# Material for this exercise:
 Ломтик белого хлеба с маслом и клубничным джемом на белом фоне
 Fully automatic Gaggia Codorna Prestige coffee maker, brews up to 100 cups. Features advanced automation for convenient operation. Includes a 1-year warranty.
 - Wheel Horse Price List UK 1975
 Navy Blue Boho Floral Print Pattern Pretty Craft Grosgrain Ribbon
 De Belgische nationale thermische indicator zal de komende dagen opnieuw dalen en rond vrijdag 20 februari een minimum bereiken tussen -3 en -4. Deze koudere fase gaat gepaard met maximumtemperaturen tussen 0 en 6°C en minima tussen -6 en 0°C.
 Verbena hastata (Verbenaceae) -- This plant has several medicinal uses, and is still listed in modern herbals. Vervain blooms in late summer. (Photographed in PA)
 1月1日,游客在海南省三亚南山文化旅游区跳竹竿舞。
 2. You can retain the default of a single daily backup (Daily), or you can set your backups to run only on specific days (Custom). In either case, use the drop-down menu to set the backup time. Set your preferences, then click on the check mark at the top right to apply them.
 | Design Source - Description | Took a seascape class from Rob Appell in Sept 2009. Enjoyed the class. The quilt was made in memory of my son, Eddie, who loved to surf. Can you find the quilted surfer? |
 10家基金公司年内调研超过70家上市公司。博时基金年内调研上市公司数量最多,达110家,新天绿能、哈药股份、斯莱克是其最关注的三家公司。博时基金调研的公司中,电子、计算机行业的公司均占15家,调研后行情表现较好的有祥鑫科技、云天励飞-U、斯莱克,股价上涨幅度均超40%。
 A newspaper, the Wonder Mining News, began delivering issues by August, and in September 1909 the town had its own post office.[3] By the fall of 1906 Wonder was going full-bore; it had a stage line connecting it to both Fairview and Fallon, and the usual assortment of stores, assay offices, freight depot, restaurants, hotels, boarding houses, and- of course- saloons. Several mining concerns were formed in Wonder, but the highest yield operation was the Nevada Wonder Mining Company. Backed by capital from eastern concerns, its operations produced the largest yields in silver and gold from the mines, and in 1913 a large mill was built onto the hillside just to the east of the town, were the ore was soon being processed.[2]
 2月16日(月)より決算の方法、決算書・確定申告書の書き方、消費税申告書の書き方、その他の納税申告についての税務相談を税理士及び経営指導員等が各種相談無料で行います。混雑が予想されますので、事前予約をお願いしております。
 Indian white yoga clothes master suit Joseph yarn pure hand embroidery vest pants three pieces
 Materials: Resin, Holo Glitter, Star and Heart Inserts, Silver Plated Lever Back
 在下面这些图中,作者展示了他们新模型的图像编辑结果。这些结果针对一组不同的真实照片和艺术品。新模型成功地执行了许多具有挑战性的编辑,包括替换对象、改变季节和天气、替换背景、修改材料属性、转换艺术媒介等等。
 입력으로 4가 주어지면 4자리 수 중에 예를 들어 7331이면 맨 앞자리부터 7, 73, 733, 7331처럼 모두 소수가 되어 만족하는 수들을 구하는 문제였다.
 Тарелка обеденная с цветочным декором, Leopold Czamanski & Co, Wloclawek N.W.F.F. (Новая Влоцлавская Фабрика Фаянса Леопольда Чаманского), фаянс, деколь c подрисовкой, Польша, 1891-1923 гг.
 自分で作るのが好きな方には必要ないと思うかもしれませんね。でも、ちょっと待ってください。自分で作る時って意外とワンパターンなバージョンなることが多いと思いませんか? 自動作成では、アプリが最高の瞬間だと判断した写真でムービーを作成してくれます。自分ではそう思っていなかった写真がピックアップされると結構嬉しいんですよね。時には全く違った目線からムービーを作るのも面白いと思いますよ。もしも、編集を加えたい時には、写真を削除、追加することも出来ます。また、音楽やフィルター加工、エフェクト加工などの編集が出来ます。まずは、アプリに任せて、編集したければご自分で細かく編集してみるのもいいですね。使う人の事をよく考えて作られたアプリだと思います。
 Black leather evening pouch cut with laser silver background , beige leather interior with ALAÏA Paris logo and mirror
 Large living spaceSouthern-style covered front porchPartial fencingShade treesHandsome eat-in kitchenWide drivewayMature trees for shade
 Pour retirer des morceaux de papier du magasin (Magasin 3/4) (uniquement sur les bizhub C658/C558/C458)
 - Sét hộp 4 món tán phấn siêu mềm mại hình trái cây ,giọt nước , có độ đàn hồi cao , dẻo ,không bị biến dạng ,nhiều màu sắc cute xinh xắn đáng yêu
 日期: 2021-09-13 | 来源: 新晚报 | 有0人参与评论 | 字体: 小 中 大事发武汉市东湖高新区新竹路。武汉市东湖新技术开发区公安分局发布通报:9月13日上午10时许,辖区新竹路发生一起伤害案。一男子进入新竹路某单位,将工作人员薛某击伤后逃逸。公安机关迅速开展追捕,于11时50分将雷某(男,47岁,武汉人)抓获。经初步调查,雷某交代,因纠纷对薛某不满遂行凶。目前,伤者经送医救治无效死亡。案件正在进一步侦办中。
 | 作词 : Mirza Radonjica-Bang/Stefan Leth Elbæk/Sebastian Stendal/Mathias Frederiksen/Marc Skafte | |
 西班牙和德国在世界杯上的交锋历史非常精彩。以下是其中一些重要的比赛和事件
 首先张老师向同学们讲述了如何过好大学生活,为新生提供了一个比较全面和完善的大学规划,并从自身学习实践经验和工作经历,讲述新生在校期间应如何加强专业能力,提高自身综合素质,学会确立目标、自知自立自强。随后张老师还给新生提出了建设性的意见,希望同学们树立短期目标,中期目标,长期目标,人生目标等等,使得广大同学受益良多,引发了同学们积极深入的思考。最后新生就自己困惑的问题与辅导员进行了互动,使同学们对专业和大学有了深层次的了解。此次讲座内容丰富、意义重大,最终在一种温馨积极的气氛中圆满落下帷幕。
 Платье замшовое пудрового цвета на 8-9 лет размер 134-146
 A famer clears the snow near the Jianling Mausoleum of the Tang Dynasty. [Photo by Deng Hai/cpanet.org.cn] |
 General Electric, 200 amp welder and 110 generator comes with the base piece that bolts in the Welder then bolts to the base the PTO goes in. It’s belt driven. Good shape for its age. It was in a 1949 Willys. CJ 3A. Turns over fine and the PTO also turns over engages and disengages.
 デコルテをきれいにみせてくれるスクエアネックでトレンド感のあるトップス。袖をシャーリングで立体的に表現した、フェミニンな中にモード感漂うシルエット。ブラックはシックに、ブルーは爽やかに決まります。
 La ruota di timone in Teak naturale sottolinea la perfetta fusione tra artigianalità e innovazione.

# Exercise aim:
Extract the first line above and each line after it up to and including the one with "1月1日,游客在海南省三亚南山文化旅游区跳竹竿舞。", please, exactly and with nothing else.

# Written answer:
 Ломтик белого хлеба с маслом и клубничным джемом на белом фоне
 Fully automatic Gaggia Codorna Prestige coffee maker, brews up to 100 cups. Features advanced automation for convenient operation. Includes a 1-year warranty.
 - Wheel Horse Price List UK 1975
 Navy Blue Boho Floral Print Pattern Pretty Craft Grosgrain Ribbon
 De Belgische nationale thermische indicator zal de komende dagen opnieuw dalen en rond vrijdag 20 februari een minimum bereiken tussen -3 en -4. Deze koudere fase gaat gepaard met maximumtemperaturen tussen 0 en 6°C en minima tussen -6 en 0°C.
 Verbena hastata (Verbenaceae) -- This plant has several medicinal uses, and is still listed in modern herbals. Vervain blooms in late summer. (Photographed in PA)
 1月1日,游客在海南省三亚南山文化旅游区跳竹竿舞。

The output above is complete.